SUPERIOR COURT OF NEW JERSEY APPELLATE DIVISION
Dec 13, 2018
DOCKET NO. A-2890-16T1 (App. Div. Dec. 13, 2018)

Opinion

DOCKET NO. A-2890-16T1

12-13-2018

RICHARD NOBIS and CHRISTINA NOBIS, Plaintiffs, v. STEVEN BELMONTE and DWYONIA BELMONTE, Defendants-Appellants, and WILLIAM V. LANE, JOHNSTONE, SKOK, LAUGHLIN & LANE, MATTHEW TAL, HOSPITALITY SOLUTIONS REALTY SERVICES, LLC, HOSPITALITY SOLUTIONS, LLC, HOSPITALITY SOLUTIONS WORLDWIDE, LLC, RE/MAX FIRST CHOICE REALTORS, and PATRICIA DiGERONIMO, Defendants, and LAURIE BOGAARD, Defendant-Respondent.

Anthony M. Bedwell argued the cause for appellants (Jardim, Meisner & Susser, PC, and Bedwell & Pyrich, LLC, attorneys; Anthony M. Bedwell, of counsel and on the briefs). Gregg S. Kahn argued the cause for respondents Laurie Bogaard and Bogaard & Associates, LLC (Wilson, Elser, Moskowitz, Edelman & Dicker, LLP, attorneys; Gregg S. Kahn, of counsel and on the brief; John P. O'Toole, on the brief).


NOT FOR PUBLICATION WITHOUT THE APPROVAL OF THE APPELLATE DIVISION

This opinion shall not "constitute precedent or be binding upon any court." Although it is posted on the internet, this opinion is binding only on the parties in the case and its use in other cases is limited. R. 1:36-3. Before Judges Alvarez and Nugent. On appeal from Superior Court of New Jersey, Law Division, Union County, Docket No. L-3595-14. Anthony M. Bedwell argued the cause for appellants (Jardim, Meisner & Susser, PC, and Bedwell & Pyrich, LLC, attorneys; Anthony M. Bedwell, of counsel and on the briefs). Gregg S. Kahn argued the cause for respondents Laurie Bogaard and Bogaard & Associates, LLC (Wilson, Elser, Moskowitz, Edelman & Dicker, LLP, attorneys; Gregg S. Kahn, of counsel and on the brief; John P. O'Toole, on the brief). PER CURIAM

Defendants Steven Belmonte and Dwyonia Belmonte appeal the February 1, 2017 grant of partial summary judgment to defendants Bogaard & Associates, LLC, and Laurie Bogaard, Esquire, (Bogaard) dismissing the Belmonte's crossclaim for legal malpractice. For the reasons that follow, we affirm.

In January 2011, the Belmontes entered into an agreement to sell their home to plaintiffs Richard and Christina Nobis. The agreement was contingent upon the Nobises obtaining a satisfactory home inspection. The home inspection report noted that the attic space above the garage had been painted white, and that a fan had been installed in the den. Concerned that those two circumstances might indicate a mold problem, the inspector suggested follow-up.

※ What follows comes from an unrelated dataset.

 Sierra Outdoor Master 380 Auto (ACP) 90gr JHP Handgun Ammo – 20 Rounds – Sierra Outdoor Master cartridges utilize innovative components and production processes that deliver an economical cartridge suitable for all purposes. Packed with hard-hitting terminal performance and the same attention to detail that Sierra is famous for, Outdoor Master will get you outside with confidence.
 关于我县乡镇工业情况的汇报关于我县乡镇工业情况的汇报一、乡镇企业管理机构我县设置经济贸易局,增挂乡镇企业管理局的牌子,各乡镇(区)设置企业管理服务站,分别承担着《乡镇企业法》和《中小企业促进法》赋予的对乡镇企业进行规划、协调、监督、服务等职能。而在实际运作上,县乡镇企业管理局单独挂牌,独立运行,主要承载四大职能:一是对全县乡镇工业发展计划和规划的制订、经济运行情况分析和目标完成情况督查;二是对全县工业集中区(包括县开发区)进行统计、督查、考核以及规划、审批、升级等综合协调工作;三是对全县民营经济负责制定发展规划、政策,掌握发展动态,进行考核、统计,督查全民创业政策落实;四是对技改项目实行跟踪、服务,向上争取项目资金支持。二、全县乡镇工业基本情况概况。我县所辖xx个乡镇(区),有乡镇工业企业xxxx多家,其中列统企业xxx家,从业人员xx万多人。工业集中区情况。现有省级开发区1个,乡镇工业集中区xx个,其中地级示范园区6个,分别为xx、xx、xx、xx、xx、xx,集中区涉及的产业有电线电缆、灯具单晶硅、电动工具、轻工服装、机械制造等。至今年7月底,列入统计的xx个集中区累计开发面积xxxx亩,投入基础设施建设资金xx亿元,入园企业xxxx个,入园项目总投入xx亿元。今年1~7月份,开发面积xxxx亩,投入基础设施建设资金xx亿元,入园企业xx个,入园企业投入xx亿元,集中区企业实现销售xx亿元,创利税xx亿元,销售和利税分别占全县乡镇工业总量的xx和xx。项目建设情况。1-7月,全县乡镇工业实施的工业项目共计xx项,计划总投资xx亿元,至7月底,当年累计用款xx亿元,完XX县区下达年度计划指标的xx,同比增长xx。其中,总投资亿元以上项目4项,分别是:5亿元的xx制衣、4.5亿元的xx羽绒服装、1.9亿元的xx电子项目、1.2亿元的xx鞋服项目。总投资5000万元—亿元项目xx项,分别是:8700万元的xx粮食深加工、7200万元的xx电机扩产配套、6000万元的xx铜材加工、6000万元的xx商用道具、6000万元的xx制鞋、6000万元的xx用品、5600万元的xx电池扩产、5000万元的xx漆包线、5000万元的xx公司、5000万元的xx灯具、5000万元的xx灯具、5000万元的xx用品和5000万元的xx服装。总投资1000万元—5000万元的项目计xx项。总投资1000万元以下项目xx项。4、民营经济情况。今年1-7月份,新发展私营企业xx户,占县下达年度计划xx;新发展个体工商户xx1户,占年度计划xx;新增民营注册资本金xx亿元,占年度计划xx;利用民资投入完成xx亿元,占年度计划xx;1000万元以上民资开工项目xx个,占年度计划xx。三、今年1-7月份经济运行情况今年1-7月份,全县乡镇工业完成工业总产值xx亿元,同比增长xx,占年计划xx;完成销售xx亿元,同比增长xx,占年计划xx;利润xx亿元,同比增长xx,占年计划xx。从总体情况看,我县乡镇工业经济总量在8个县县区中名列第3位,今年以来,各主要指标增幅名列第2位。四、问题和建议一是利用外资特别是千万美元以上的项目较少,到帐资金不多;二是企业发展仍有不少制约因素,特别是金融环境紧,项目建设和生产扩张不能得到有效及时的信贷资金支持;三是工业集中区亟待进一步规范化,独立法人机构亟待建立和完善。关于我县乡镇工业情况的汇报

The plaintiffs and the Belmonte defendants will be referred to by their first names where necessary to avoid confusion.

On February 10, 2011, the Nobises' attorney, Bogaard, sent the Belmonte's attorney, William Lane, a copy of the report. At the end of the letter, Bogaard asked for an explanation of the painting in the attic and the fan in the den. Lane responded, stating that "what the purchaser has seen is self-explanatory." He made no mention of any mold problem.

On February 22, 2011, Bogaard inquired about possible mold conditions, stating:

My clients still have concern over the issue as to why the attic was painted white. Please advise if the sellers have ever experienced any type of mold or other issues in the attic and if so, how same was remediated.

Lane responded on February 23, 2011:

My clients have never experienced a mold problem in the attic. The attic was painted white, assumably because that was a personal preference. However, as a result of an overflowed toilet during a short term tenancy, there was the appearance of a small amount of mold in the garage and in a small area in the basement. My clients engaged a licensed certified mold
remediation company who tested the entire house and then remediated the affected area. That remediation came with a warranty (see copy attached), which remains in full force and effect.
No copy of the warranty was attached, however.

On February 24, 2011, Bogaard again wrote to Lane: "[a]fter speaking with my clients, the purchasers find the sellers' response to their concerns acceptable, with exception to the pool." When deposed, Richard acknowledged that he had a conversation with Steven around February 24, 2011, during which Steven mentioned the word "mold," and acknowledged the presence of a small amount of mold in the basement. During depositions, the Nobises disputed the extent of the information they had been provided regarding the source and treatment of the mold, and their receipt of relevant documents. Richard also said that Steven assured him during the call that the amount of mold in the garage was small but that mold spores travel. Both Nobises insisted the first time they actually learned about the existence of the mold was two days prior to closing when informed by Steven, and that he assured them that the problem had been addressed. The Nobises assumed the mold report and the warranty would be produced at closing, which took place on March 1, 2011. They were not given the documents at that time.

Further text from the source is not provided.